### Recorded information
Start of Block

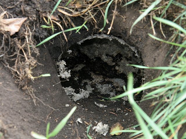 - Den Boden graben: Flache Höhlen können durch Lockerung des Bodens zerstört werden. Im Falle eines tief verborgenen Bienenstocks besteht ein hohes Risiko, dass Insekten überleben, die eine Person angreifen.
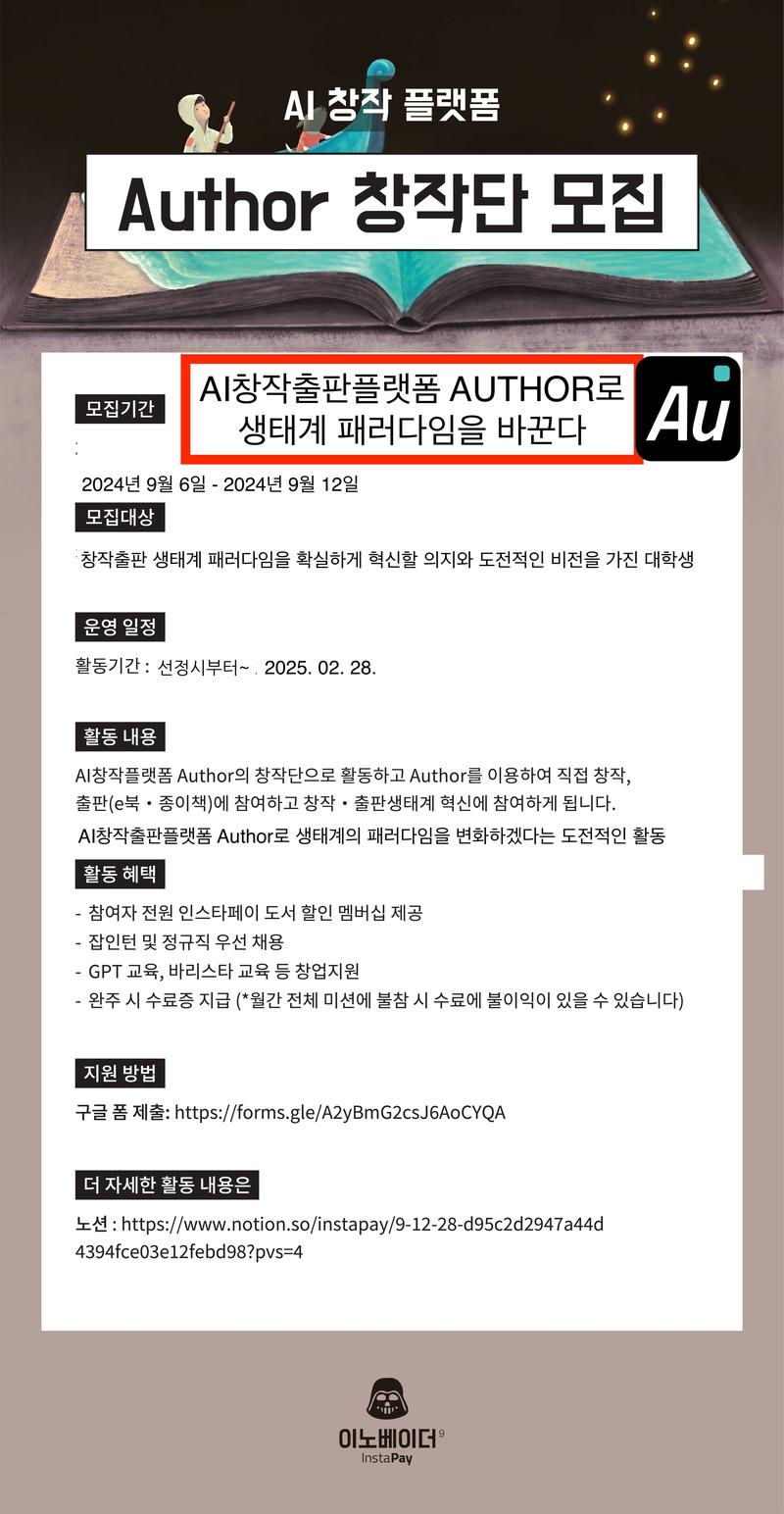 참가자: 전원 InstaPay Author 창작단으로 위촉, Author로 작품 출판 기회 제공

End of Block
Start of Block

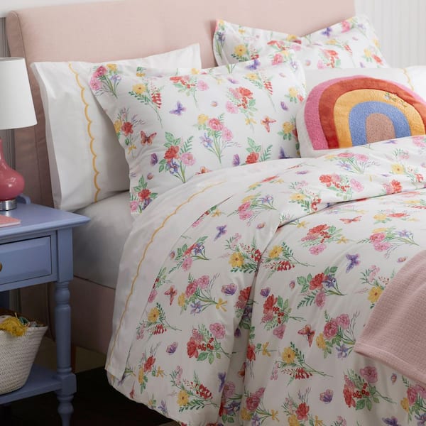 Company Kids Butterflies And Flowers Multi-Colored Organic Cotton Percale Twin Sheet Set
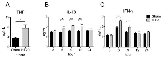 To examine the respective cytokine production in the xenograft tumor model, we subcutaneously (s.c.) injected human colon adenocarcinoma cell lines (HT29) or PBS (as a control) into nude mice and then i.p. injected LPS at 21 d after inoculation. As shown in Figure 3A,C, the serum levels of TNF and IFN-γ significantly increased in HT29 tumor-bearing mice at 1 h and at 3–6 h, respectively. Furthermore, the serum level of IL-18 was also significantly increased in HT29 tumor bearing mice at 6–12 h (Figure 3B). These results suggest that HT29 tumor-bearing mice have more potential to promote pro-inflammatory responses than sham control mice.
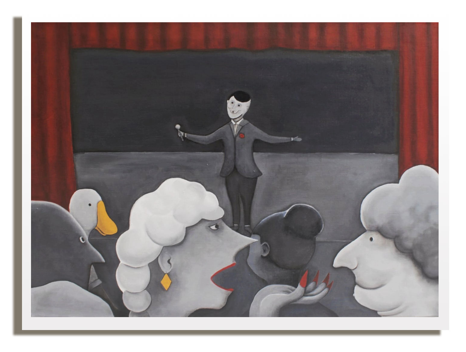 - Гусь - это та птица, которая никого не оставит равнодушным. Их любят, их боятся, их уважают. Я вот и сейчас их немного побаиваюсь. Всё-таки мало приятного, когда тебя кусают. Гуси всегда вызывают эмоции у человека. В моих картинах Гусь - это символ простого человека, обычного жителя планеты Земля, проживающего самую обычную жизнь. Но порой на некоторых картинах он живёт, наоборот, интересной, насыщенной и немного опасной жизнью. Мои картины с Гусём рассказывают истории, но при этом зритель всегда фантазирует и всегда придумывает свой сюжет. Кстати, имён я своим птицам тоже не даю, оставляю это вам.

End of Block

### Problem description
Go to the line above holding "- Den Boden", then copy exactly each line down to and including the one holding "참가자: 전원 InstaPay", leaving pictures out.

### Response to this task
 - Den Boden graben: Flache Höhlen können durch Lockerung des Bodens zerstört werden. Im Falle eines tief verborgenen Bienenstocks besteht ein hohes Risiko, dass Insekten überleben, die eine Person angreifen.
 참가자: 전원 InstaPay Author 창작단으로 위촉, Author로 작품 출판 기회 제공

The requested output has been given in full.